Activists lobbed stones, bottles and firecrackers at police as large crowds demonstrated against pension reforms proposed by the government of President Mauricio Macri.
The crowd tried to rip down metal barriers that police had erected to prevent them getting too close to the square beside congress, after similar protests last week descended into violence.
The massed ranks of police officers remained behind their shields without advancing on the demonstrators. Last week, they used water cannon, tear gas and rubber bullets against rock-throwing protesters who burned barricades made of trash near Congress.
The three main trade unions and the opposition had called for a general strike and protests on Monday in the capital to resist the passage of the pension reform bill.
It was the second time the administration has tried to push through the bill.
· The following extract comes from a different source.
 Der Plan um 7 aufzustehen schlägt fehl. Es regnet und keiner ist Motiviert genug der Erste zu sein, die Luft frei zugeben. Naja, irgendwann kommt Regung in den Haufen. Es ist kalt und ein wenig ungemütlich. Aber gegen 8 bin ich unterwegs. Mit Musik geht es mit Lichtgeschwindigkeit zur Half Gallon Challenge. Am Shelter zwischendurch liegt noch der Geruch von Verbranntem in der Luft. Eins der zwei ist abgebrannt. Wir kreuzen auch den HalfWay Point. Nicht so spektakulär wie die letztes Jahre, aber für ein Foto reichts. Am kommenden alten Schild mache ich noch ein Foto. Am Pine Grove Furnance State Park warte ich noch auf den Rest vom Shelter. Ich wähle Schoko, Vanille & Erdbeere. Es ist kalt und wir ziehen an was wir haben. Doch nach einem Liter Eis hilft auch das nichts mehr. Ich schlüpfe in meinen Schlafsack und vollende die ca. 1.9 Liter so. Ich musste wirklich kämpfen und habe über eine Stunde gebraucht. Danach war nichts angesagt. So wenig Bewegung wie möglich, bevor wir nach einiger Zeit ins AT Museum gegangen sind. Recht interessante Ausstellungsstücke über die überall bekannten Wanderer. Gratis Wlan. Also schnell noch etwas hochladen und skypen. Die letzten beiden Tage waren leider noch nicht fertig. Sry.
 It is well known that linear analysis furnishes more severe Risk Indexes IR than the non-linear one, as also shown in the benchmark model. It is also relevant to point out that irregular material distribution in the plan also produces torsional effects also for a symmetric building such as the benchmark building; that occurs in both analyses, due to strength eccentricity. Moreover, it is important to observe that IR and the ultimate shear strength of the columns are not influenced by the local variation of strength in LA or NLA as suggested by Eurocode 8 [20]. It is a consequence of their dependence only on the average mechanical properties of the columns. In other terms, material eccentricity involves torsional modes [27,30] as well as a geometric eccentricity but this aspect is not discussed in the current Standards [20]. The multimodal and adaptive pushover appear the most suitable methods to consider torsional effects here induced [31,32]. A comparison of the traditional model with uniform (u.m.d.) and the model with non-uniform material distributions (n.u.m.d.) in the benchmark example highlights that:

Last Thursday's session had to be cut short as clashes outside escalated, leaving a number of demonstrators injured or under arrest.
A judge then issued a ban on police using firearms against protesters and also forbade undercover police officers from infiltrating the marchers.
Tens of thousands of protesters carrying giant placards and flags tried to converge on the Congress building, occupying 10 blocks of Avenida de Mayo, the street that links Congress to the president's offices at the Casa Rosada.
Macri has been trying to change pension pay-outs in order to lower the country's deficit, which is estimated at five percent of GDP. His aim is to create 2018 savings of 100 billion pesos (US$5.6 billion), equivalent to around a fifth of the deficit.
Unions and the opposition are against imposing the cuts on the poorest sectors of society.
"The bonus payment is a joke," said Juan Carlos Schmid, a leader of the CGT. The measure "is illegitimate and will cause a waterfall of lawsuits against it."
"We have no-one to defend us," said 70-year-old Cristina Sanmero, who found herself caught in the clashes.
"At my age, I have to come here and defend my contributions of 30 years. We're governed by inept people who think that it's easier to take away from the old."